Quando a mancha pede um profissional
Nem toda mancha sai com produto de armário. Em alguns casos, insistir na limpeza caseira só piora o problema.
Considere chamar um profissional quando:
- A mancha secou há mais de 48 horas e resiste a duas tentativas de remoção.
- O estofado é de tecido sensível (linho puro, seda, camurça) e o código de etiqueta é S ou X.
- Há odor persistente (urina antiga, mofo, vômito) que a limpeza superficial não remove.
- A mancha se estendeu por uma área grande e a limpeza caseira criou auréolas.
- Você aplicou o produto errado e o tecido desbotou, ficou áspero ou criou marcas.
Uma higienização profissional de sofá custa entre R$ 99 e R$ 350 dependendo do tamanho e da região. O profissional trabalha com extratora de injeção e sucção, que lava a fibra por dentro e aspira a água suja, entregando um resultado que nenhum pano ou esponja caseira alcança.
Há também a impermeabilização preventiva. Aplicada após a higienização, ela cria uma barreira na superfície do tecido que impede líquidos de penetrar na fibra. Se o vinho cair, ele fica na superfície e sai com um pano. Serviços de impermeabilização de sofá costumam custar entre R$ 200 e R$ 400, dependendo do tamanho e da região, e duram em média de um a dois anos.
E quando a mancha vence de vez e o estofado precisa ser trocado ou o sofá inteiro substituído? Aí entra outro tipo de profissional. Se você comprou um sofá novo ou precisa desmontar o antigo para levar a um tapeceiro, encontre um montador profissional perto de você no Montador Local. A gente conecta você com quem resolve a parte prática: montagem, desmontagem e manutenção de móveis, incluindo tarefas delicadas como tirar gavetas de móveis planejados, em mais de 2.000 cidades.

Perguntas frequentes
Vinagre com bicarbonato estraga o tecido do sofá?
Separados, não. Usados juntos, a reação ácido-base se neutraliza e o poder de limpeza cai. O efeito de “espuma e efervescência” é visual, não eficaz. Para melhores resultados, use um por vez: bicarbonato para absorver (a seco) e vinagre diluído para limpar (depois de aspirar o bicarbonato).
Posso usar álcool 70% para tirar mancha de estofado?
Sim, em tecidos com código W ou WS. O álcool 70% dissolve manchas de tinta e desinfetar a superfície. Aplique com pano branco, em batidinhas. Evite em couro (resseca) e camurça (mancha). Sempre teste no cantinho antes.
Mancha de água sanitária no sofá tem solução?
Solução caseira, não. A água sanitária destrói o corante do tecido de forma irreversível. As alternativas são tingimento profissional do estofado ou troca do revestimento. Nunca aplique mais água sanitária “para uniformizar” a cor, pois isso só aumenta o dano nas fibras.
Quanto tempo leva para uma mancha de café se tornar permanente?
Em tecidos de algodão sem tratamento, os taninos do café começam a fixar nas fibras em duas a quatro horas. Em tecidos sintéticos (poliéster), a janela é maior, podendo chegar a 12 horas. Em ambos os casos, quanto mais rápido agir, melhor o resultado.

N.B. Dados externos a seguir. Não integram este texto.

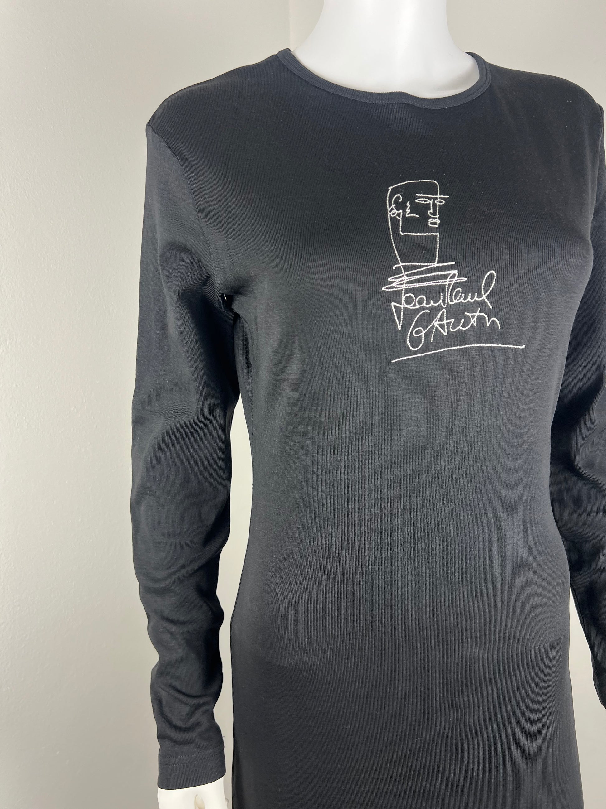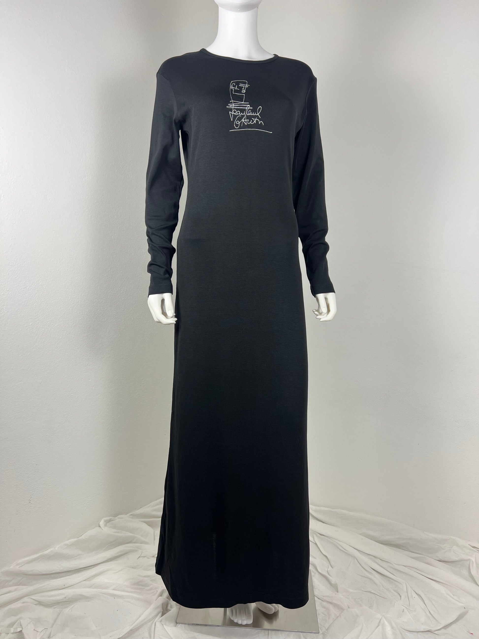 Black long-sleeve jersey maxi dress with Jean Paul Gaultier’s iconic line-drawn face and signature embroidered at the chest. Slim, column silhouette with a soft stretch and elongated proportions. Minimal, graphic, unmistakably Jean Paul Gaultier.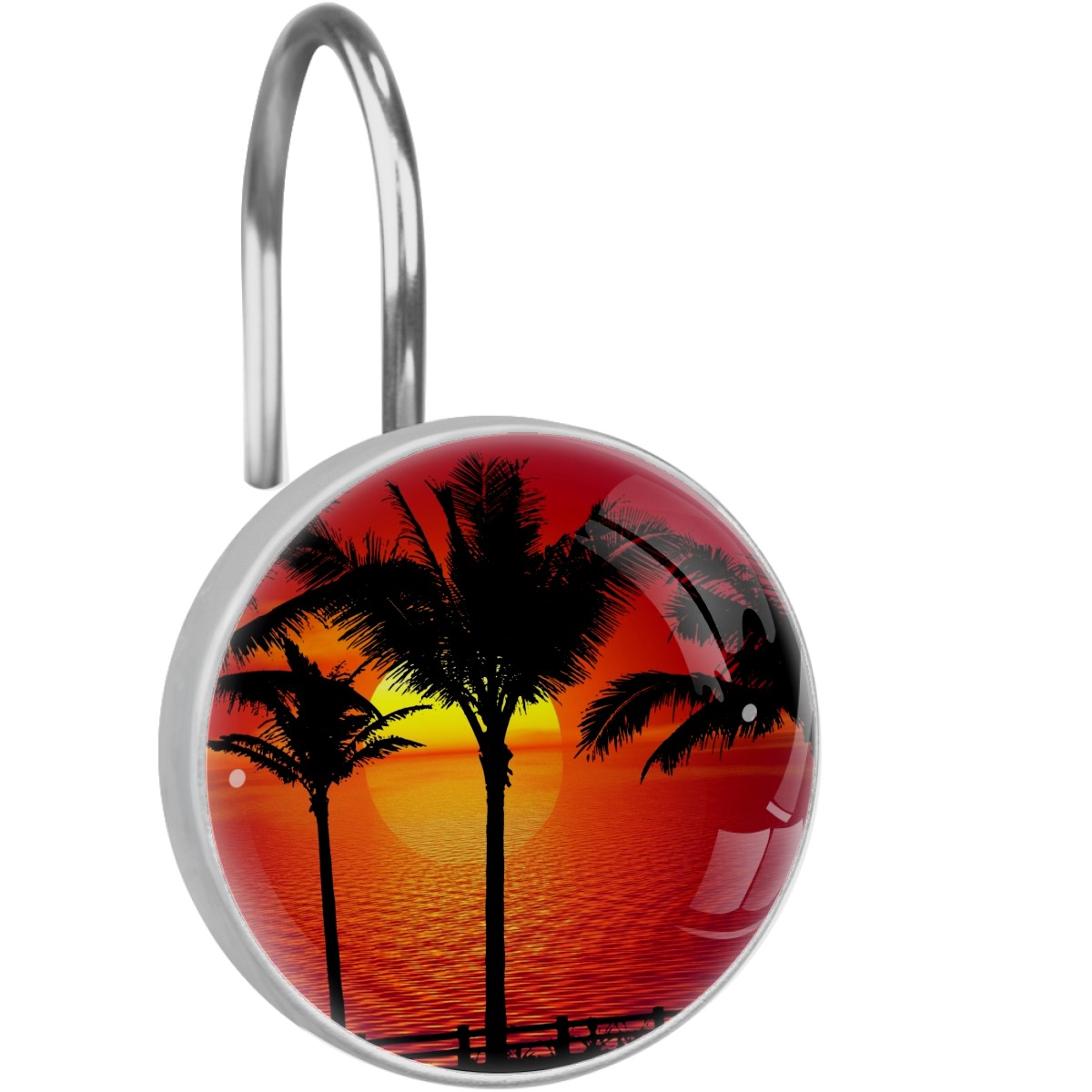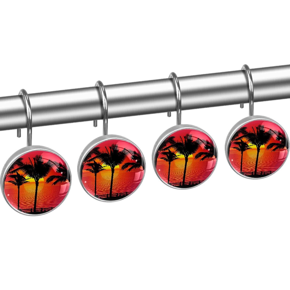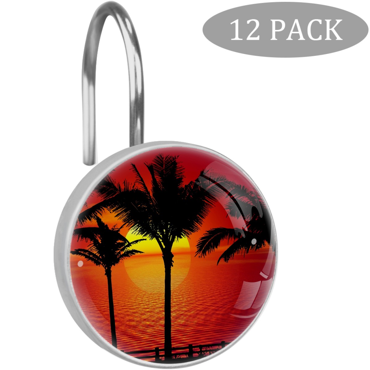 Decorative Shower Curtain Hooks Set of 12 Sunset Over Tropical Palm Trees Resin Shower Hooks for Curtain Shower Rings for Bathroom Home Hotel Shower Rods

Extratora portátil resolve mancha antiga?
Depende. Extratoras residenciais (tipo WAP ou similares) lavam e aspiram a fibra, sendo eficazes para sujeira acumulada e manchas leves. Para manchas antigas e profundas, a potência de uma extratora profissional (usada por empresas de higienização) faz diferença real. Se a sua extratora caseira não resolveu em duas passadas, o próximo passo é o serviço profissional.

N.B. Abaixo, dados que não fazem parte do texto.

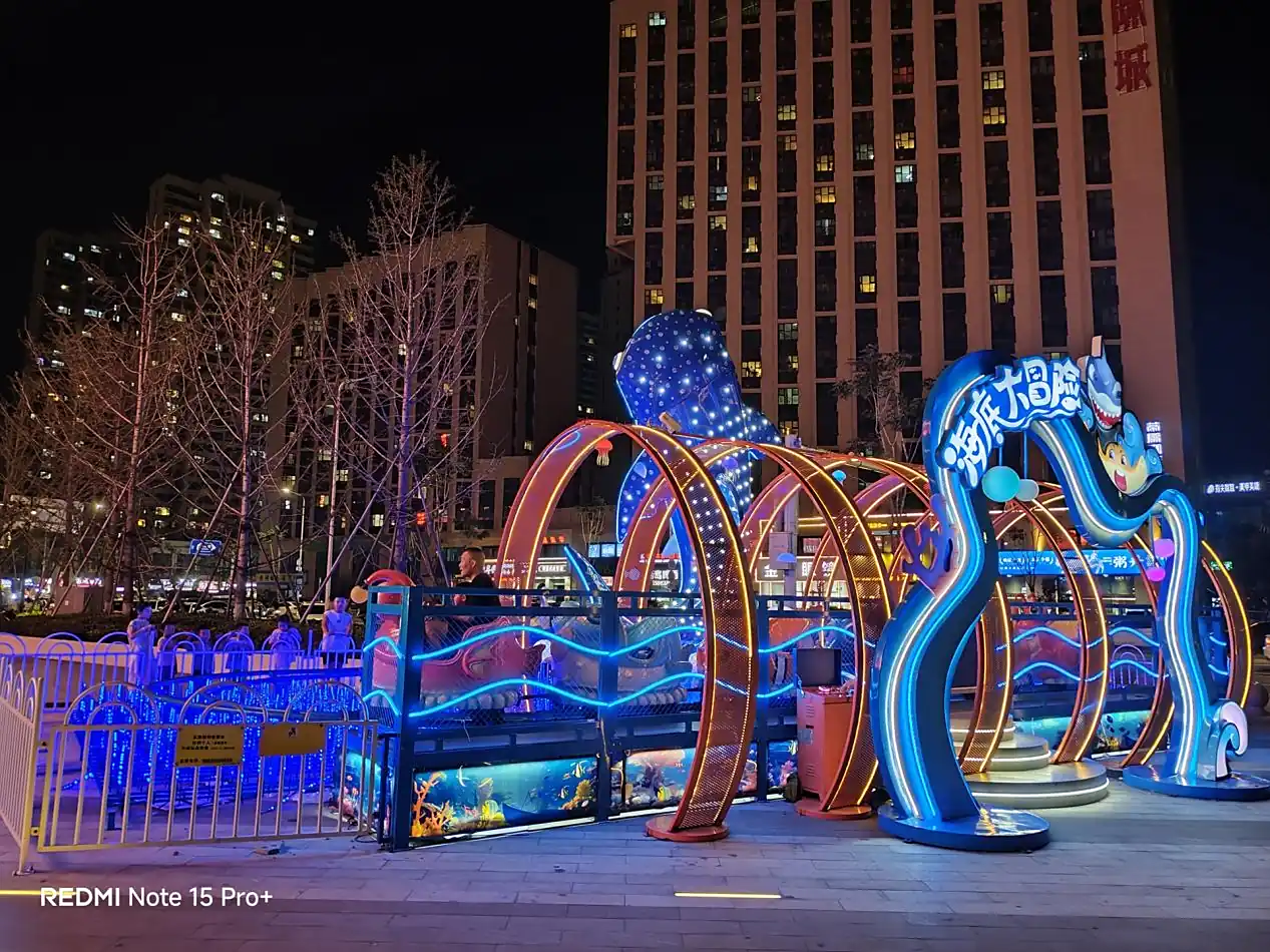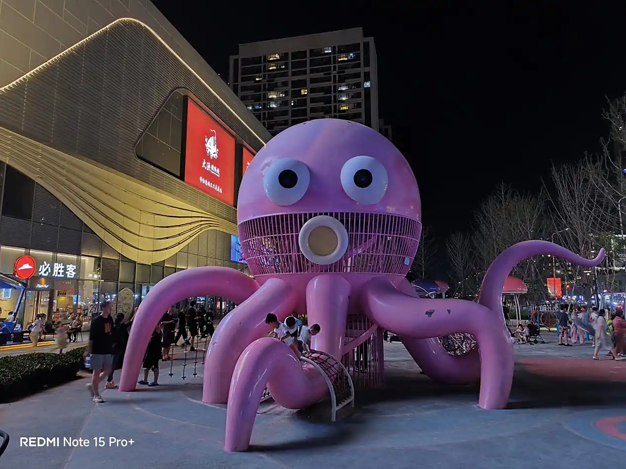 接着我们来看一下夜晚场景,REDMI Note 15 Pro+ 主摄的“光影猎人 800”传感器确实能为其带来不错的夜间拍照效果,比如下面这张照片,场景是比较黑暗的,并且光线环境也比较复杂,而 Note 15 Pro + 直出的照片画面明亮干净,暗部基本没有明显的噪点,色彩准确明艳,提高了观感,同时在复杂光线下白平衡表现也不错,章鱼眼的白色很好地还原了当时实际的色泽。

Tecido impermeabilizado dispensa cuidados com manchas?
Não dispensa, mas facilita muito. A impermeabilização impede que o líquido penetre na fibra, dando tempo para você limpar com pano úmido antes que a mancha se forme. Porém, gordura quente, tinta e produtos químicos podem superar a barreira. A impermeabilização reduz o problema, não elimina.